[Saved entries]
==*==
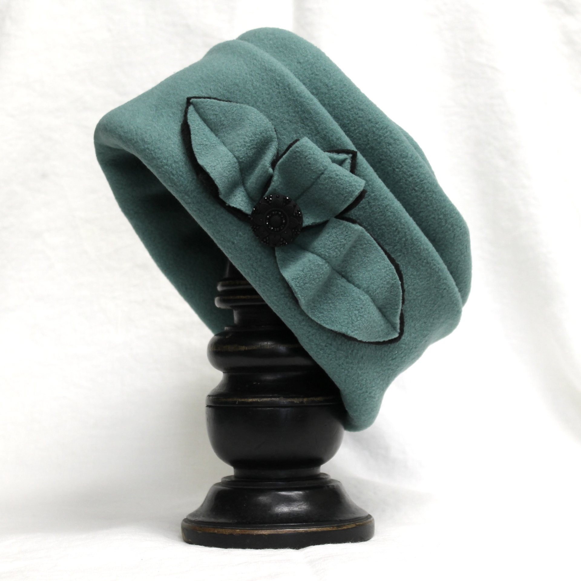 Soft, comfy, and a little stretchy polar fleece hat. Customers tell me they love them because these hats stay on your head! They won't slide up and off.
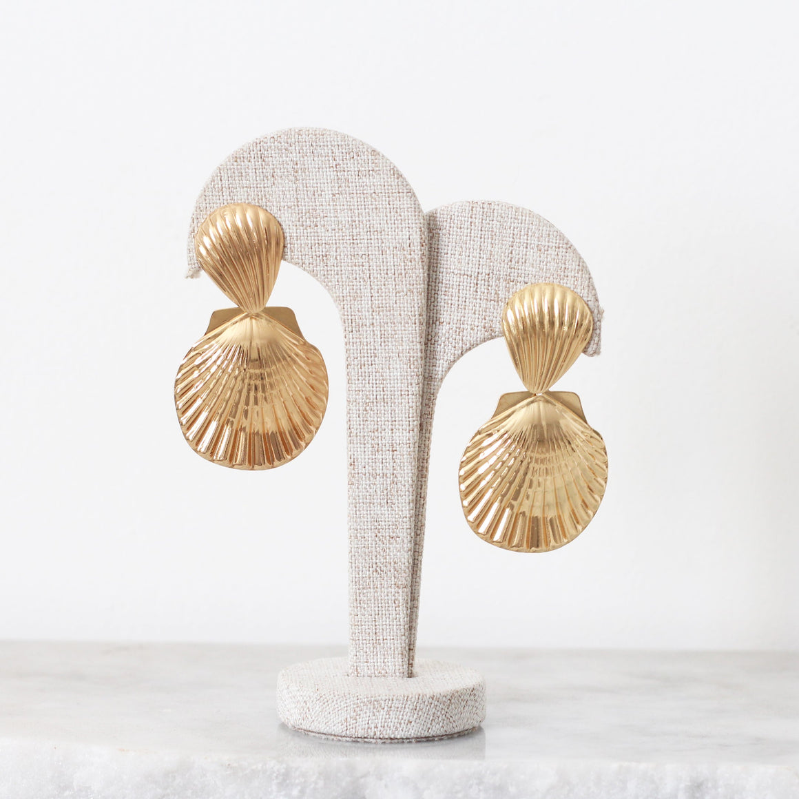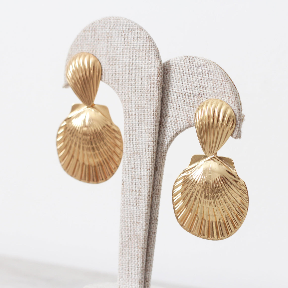 Aretes de concha en baño de oro. Broche de baño de oro 22k.
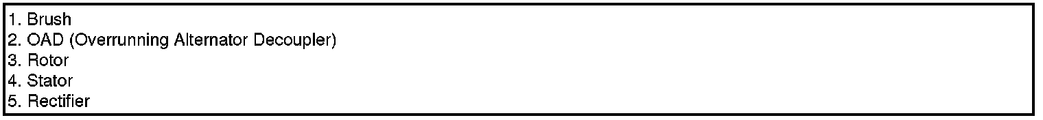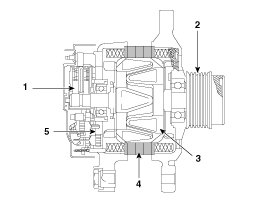 The alternator is regulated by the battery voltage detection system. The main components of the alternator are the rotor, stator, rectifier, capacitor brushes, bearings and V-ribbed belt pulley. The brush holder contains a built-in electronic voltage regulator.
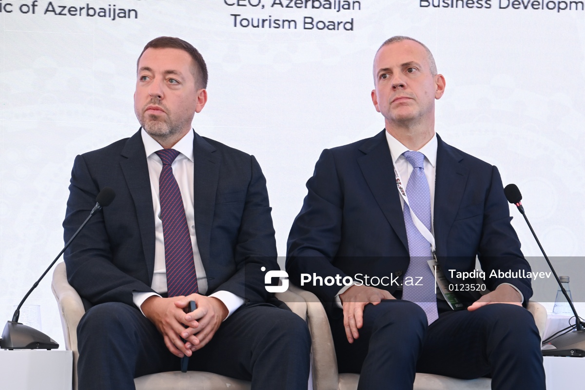 I Azərbaycan Beynəlxalq İnvestisiya Forumunun (AIIF 2025) ikinci günündə iştirak edən "Sea Breeze Medical Valley" şirkətinin rəhbəri Konstantin Grinfeld (sol) və Azərbaycan Turizm Bürosunun İdarə Heyətinin sədri Florian Sengstschmid (sağ).
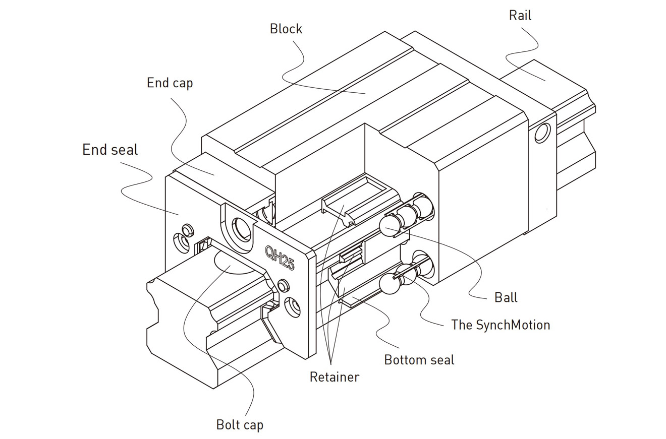 PQH series rail guide bearing also based on four row circular arc contact, due to it’s SynchMotion TM technology, PQHH series linear slide unit can offer smooth movement, superior lubrication, quieter operation and longer running life, so this precision linear slide is suitable for high speed, low noise and reduced dust generation work condition.
==*==
**YOUR ASSIGNMENT:** None of the pictures should be copied, but every record above must be restated in full.

**RESPONSE AREA:**
 Soft, comfy, and a little stretchy polar fleece hat. Customers tell me they love them because these hats stay on your head! They won't slide up and off.
 Aretes de concha en baño de oro. Broche de baño de oro 22k.
 The alternator is regulated by the battery voltage detection system. The main components of the alternator are the rotor, stator, rectifier, capacitor brushes, bearings and V-ribbed belt pulley. The brush holder contains a built-in electronic voltage regulator.
 I Azərbaycan Beynəlxalq İnvestisiya Forumunun (AIIF 2025) ikinci günündə iştirak edən "Sea Breeze Medical Valley" şirkətinin rəhbəri Konstantin Grinfeld (sol) və Azərbaycan Turizm Bürosunun İdarə Heyətinin sədri Florian Sengstschmid (sağ).
 PQH series rail guide bearing also based on four row circular arc contact, due to it’s SynchMotion TM technology, PQHH series linear slide unit can offer smooth movement, superior lubrication, quieter operation and longer running life, so this precision linear slide is suitable for high speed, low noise and reduced dust generation work condition.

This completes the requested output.